On the September 23, 1999, holidays began. Every town of Ukraine has its own holiday, a day that celebrates the town's liberation from the fascists. People crowded the streets. The president of Ukraine Leonid Kuchma came to inaugurate the new buildings--a polyclinic for children, an art gallery, a bridge across Vorskla, and a memorial in honor of killed militiamen which consists of a chapel and a bronze sculpture of archangel Gavriil, the protector of warriors. Some people were very glad to see the president and greeted him. Others were skeptical about the motives of his "noble marathon" (visiting a dozen places in one day), seeing his presence as just a part of his pre-election campaign.
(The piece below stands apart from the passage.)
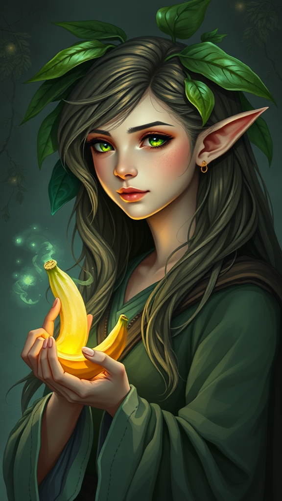 A half-elf sorceress stands gracefully, a mystical glow emanating from the banana in her hand. She embodies the essence of a forest mage with her ethereal presence and leaf-touched robes. Her piercing eyes reveal wisdom beyond her years, reminiscent of an elfin priestess deeply connected to nature's secrets. Delicately pointed ears peek through her cascading, leafy hair. The portrait captures her serene yet powerful demeanor in an epic fantasy art style, inspired by the works of Magali Villeneuve and Leona Wood. The detailed, symmetrical rendering highlights her as a figure of enchantment, a guardian of the wilds in this fantasy RPG-inspired world.

Different folk choruses and dancers performed in the central park and other places. Singers dressed like Cossacks sang Ukrainian folk songs. Souvenirs were sold from the benches: clay figures of fantastic creatures, wooden carvings, and pisankas (painted eggs).

No doubt the high point of the celebration was a four-hour show at the stadium "Vorskla"--opened by the president. First, a long procession went around a football field. It represented the history of Poltava from Ancient Rus to the present day and literary and historic characters connected with the region--such as Cossack leaders, Swedes, the writer Mikola Gogol, and Natalka Poltavka (a character in a play by Kotlyarevsky). Participants dressed in embroidered shirts traveled on horses and in carts. There were pop-singers and dancers. A biplane flew by, and soon several parachutists landed on the field. (This is a traditional event during the big holidays in Poltava.)

Perhaps the most spectacular parts of the show were the last two acts. The first was a scene from Ukrainian history. Cossacks stood in their towers on post, when they suddenly noticed Turks sneaking up on them. The skirmish began. Muskets cracked and exhaled clouds of warm, gray smoke that finally covered the football field and turned it into a real battlefield. The enemy came closer and closer. In the next moment, sabers flashed in the stadium lights. Certainly, the attack was repulsed, because who wields a saber and musket better than a Cossack? The second scene was performed by several hundred students who executed various waves, great flowers, and so on. Ten minutes of fireworks completed the show, and the celebration was over. What remained when all had been said and done? For me, the town seemed much more beautiful, and that?s not bad. Poltava had leaped out and paused in the air for a moment--like a dolphin--and then sank back into the sea of time.

Poltava has a lively nightlife, many good restaurants and a wide variety of museums and theatres. And at the same time it's quiet and friendly city, which belong to one of the coziest and safest cities of Ukraine.